In the mitochondrion, glycine decarboxylase carves off carbon dioxide gas from the glycine. This requires NAD+ to park the hydrogen atom. It also cleaves off the amino group. If you are paying attention to the chemical structures, you realize that the two-carbon amino acid has had both its amino and acid groups removed! There is only one carbon left! This methylene group is parked on a folate molecule in the mitochondrion.

When a second glycine arrives into the mitochondrion from the peroxisome, it combines with the methylene-folate to release the three-carbon amino acid serine through the action of serine hydroxymethyltransferase. Also released for re-use by this enzyme reaction is the folate. The serine is transported to the peroxisome.

In the peroxisome, the serine loses its amino group to α-ketoglutarate (remember we would get back to that!) to regenerate the glutamate required in an earlier step in the pathway.
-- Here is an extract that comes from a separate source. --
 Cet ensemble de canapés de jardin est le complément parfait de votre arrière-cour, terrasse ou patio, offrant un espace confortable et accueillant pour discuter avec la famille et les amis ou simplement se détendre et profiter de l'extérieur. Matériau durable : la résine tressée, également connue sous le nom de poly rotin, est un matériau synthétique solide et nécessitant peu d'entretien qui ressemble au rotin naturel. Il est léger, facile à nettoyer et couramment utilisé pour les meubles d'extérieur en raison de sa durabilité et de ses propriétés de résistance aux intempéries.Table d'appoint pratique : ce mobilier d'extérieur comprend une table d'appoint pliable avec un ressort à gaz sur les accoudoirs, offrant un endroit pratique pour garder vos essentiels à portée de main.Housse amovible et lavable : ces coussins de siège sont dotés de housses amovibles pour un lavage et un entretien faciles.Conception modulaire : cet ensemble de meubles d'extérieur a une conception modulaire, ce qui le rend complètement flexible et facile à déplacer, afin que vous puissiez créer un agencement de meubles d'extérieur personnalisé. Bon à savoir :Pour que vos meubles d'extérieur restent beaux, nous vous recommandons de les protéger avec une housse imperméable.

This amino-transfer is accomplished by serine aminotransferase. In this reaction the serine is converted to hydroxypyruvate.
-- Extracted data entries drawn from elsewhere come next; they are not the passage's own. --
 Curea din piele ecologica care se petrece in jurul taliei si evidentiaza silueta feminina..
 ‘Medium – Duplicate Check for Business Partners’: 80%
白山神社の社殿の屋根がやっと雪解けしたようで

The peroxisome reduces the hydroxypyruvate to glycerate by hydroxypyruvate reductase. The reducing power for this comes from NADH; if you recall this was produced in an earlier step in the mitochondrion. The glycerate is transported to the chloroplast.

In the chloroplast, the glycerate is converted by glycerate kinase to 3-phosphoglycerate. The phosphate comes from ATP. Instead of producing ATP, photorespiration uses ATP. The 3-phosphoglycerate from the beginning and this new one from the end of photorespiration enter the chloroplast pool of PGA that is used to regenerate RuBP. Photorespiration loses 25% of the carbon it takes from the Calvin cycle

The relationship between the Calvin Cycle and Photorespiration is shown below. Be sure to ask yourself about the O2 that is shown on the left side of the figure!
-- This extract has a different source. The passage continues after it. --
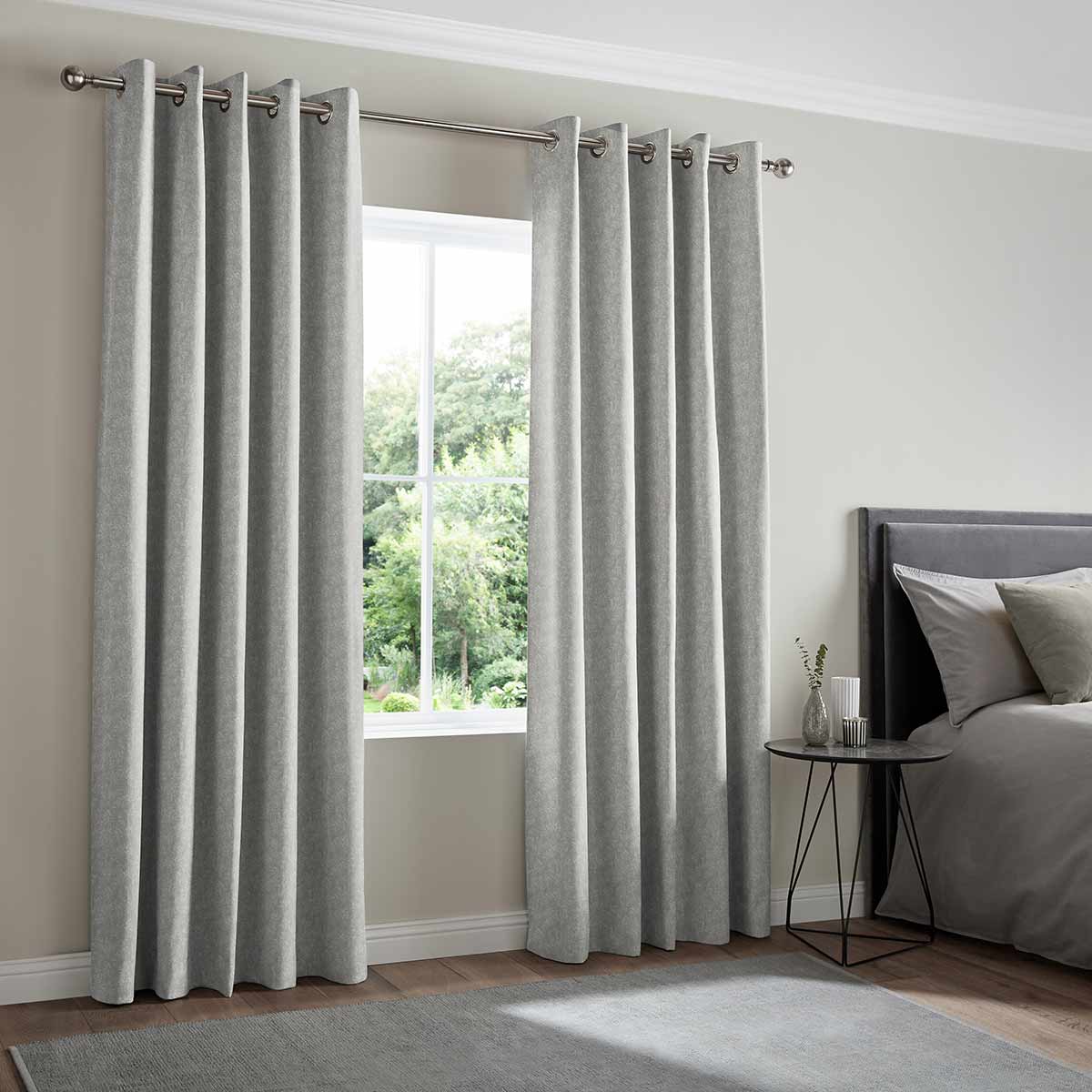 Eyelet - Eyelet curtains can only be fitted to poles. They have a metal ring stamped into the top of the fabric available in 5 colours and 2 sizes. Eyelet rings are spaced evenly across the header with 30mm of fabric above.

The photorespiration pathway siphons carbon away from the Calvin cycle, but it also returns some of what it takes. Because it takes two glycines in photorespiration to complete the pathway, two glycolates must be taken from the Calvin cycle. Of these four carbons taken, one is lost as carbon dioxide and three are returned to the Calvin cycle. This 25% loss of carbon is going to give measurement errors for photosynthesis in whole-cells or leaves. We are probably under-estimating the photosynthetic rate by 25%. Rubisco evolution

The wastefulness of photorespiration is probably a consequence of just two factors. Early in the evolution of photosynthesis there was a higher carbon dioxide to oxygen gas ratio in the ancient atmosphere. Indeed the atmosphere was likely anaerobic in the earliest times on Earth. Rubisco evolved its active site when oxygen was rare and carbon dioxide was common. Since ancient times, rubisco has not yet evolved a mechanism to discriminate between the two similar substrates (O=C=O and O=O). The reactions are similar too; the substrate is attached at a point along RuBP resulting in its splitting into organo-monophosphates. 3-phosphoglycerate is a common product of both reactions. So the difficulty of a protein to distinguish such similar molecules and to catalyze one reaction but not the other just has not happened yet. Photorespiration losses have not been intolerable either; the selection pressure is probably not severe in most environments. But in hot, dry, heavily-populated environments where plants effectively reduce the local carbon-dioxide content of the atmosphere, selection should have resulted in a few adaptations to overcome photorespiration.